C’è, in primo luogo, il punto di vista del marketing, che ha plasmato il moderno storytelling del Natale, entrando prepotentemente nell’immaginario collettivo, prendendo “per mano” le famiglie consumatrici, accompagnandole all’appuntamento del 25 dicembre con preziosi consigli per gli acquisti. Perché, a Natale puoi, recita uno dei brani natalizi più ascoltati, che accompagna la pubblicità della Bauli. Ma chi può acquistare – veramente – in un contesto d’inflazione, di alti tassi d’interesse e di perdita di potere d’acquisto? Ma tant’è. C’è la tredicesima (per chi ancora la percepisce) che alimenta il business e c’è il rassicurante Babbo Natale che infonde fiducia: protagonista delle campagne marketing della Coca Cola fin dagli anni trenta del Novecento, il paffuto nonno con barba, cappello rosso e pon pon bianco, è diventato icona del marketing pubblicitario del Natale. E con una certa efficacia, vista la penetrazione scenografica della sua figura, capace di creare un’atmosfera favorevole e magica.

E qui si arriva ai numeri del Natale. Non sappiamo quanto le famiglie italiane spenderanno quest’anno per i regali. Ma già nel lungo weekend del Black Friday, 4 italiani su 10 hanno approfittato dello shopping super scontato, anticipando di un mese gli acquisti natalizi. È quanto si ricava da un’indagine Coldiretti/Ixè, che offre ulteriori dettagli. La corsa agli sconti ha portato 1 italiano su 2 a scegliere le piattaforme online. Mentre tra i beni più richiesti vi sono elettronica e abbigliamento, seguiti dai prodotti per la bellezza e la cura. In tutto si sono spesi 5,3 miliardi di euro, oltre il 15% in più sul 2022: in media 169 euro a testa, ma c’è anche un 5% che ha speso sino a 1.000 euro.
Sono cifre importanti, che inducono l’economista mainstream a fare ragionamenti sull’importanza di questo periodo dalle spese spumeggianti. Crescono le vendite e aumenta il Pil: una cura per l’economia e per il debito pubblico. D’altra parte, l’economia del Natale domanda anche lavoro. Le professioni più richieste sono: addetti alle vendite, rider, magazzinieri, autisti, promoter, impacchettatori di regali, animatori per centri commerciali. E poco importa se l’economista eterodosso precisa, e puntualizza, che si tratta di lavori temporanei e perciò precari; per definizione. Perché il business di Natale deve tirare dritto: tanto sono già state inventate le App che consentono di sbarazzarsi dei regali inutili ricevuti dalla zia e dalla suocera,C’è chi però rifiuta questa soluzione e la anticipa: pensa all’opzione “niente regali a Natale”. Per scelta. Una situazione, questa, che è però molto diversa da chi l’ipotesi “senza Regali” la pratica; ma per necessità. Per povertà.

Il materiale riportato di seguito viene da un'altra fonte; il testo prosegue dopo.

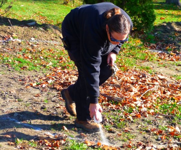 Sonia Baerhuk marking the new home of a 15' Norway spruce to be relocated.

Le statistiche vanno così intrecciate e lette in controluce. In modo critico. Perché l’economista attento guarda sì alla crescita, ma anche a come questa si distribuisce. Ricordando una cosa: come ogni religione festeggia le proprie feste di precetto, anche il culto consumista è portato a festeggiare le proprie (feste di precetto), che piacciono al popolo-consumatore e piacciono ai cerimonieri-commercianti e al loro giro d’affari (d’oro).
C’è però chi festeggia bellamente, e chi è costretto a una condizione di povertà. Sono oltre 5,5 milioni i poveri assoluti in Italia, denuncia il Rapporto Caritas 2023 su Povertà ed esclusione sociale. Fanno 352 mila poveri in più rispetto al 2021. Si tratta spesso di working poor, cioè di persone che un lavoro ce l’hanno, ma il cui reddito non basta per mantenere una famiglia.

Anche questo è il tempo di Natale: un tempo non ordinario ma straordinario; dove le disparità si fanno, se possibile, più acute. Il problema è che questo senso di giustizia offesa non è percepito. E il solco, tra chi ha e chi non ha, si fa sempre più profondo.
È la povertà nell’abbondanza. Non un paradosso: lo si capisce. Ma una condizione insopportabile per un Paese a maggioranza cattolica (che dovrebbe festeggiare in un certo modo il Natale); ma intollerabile, anche e soprattutto, per un Paese che vanta una Costituzione alta e qualificante come la nostra.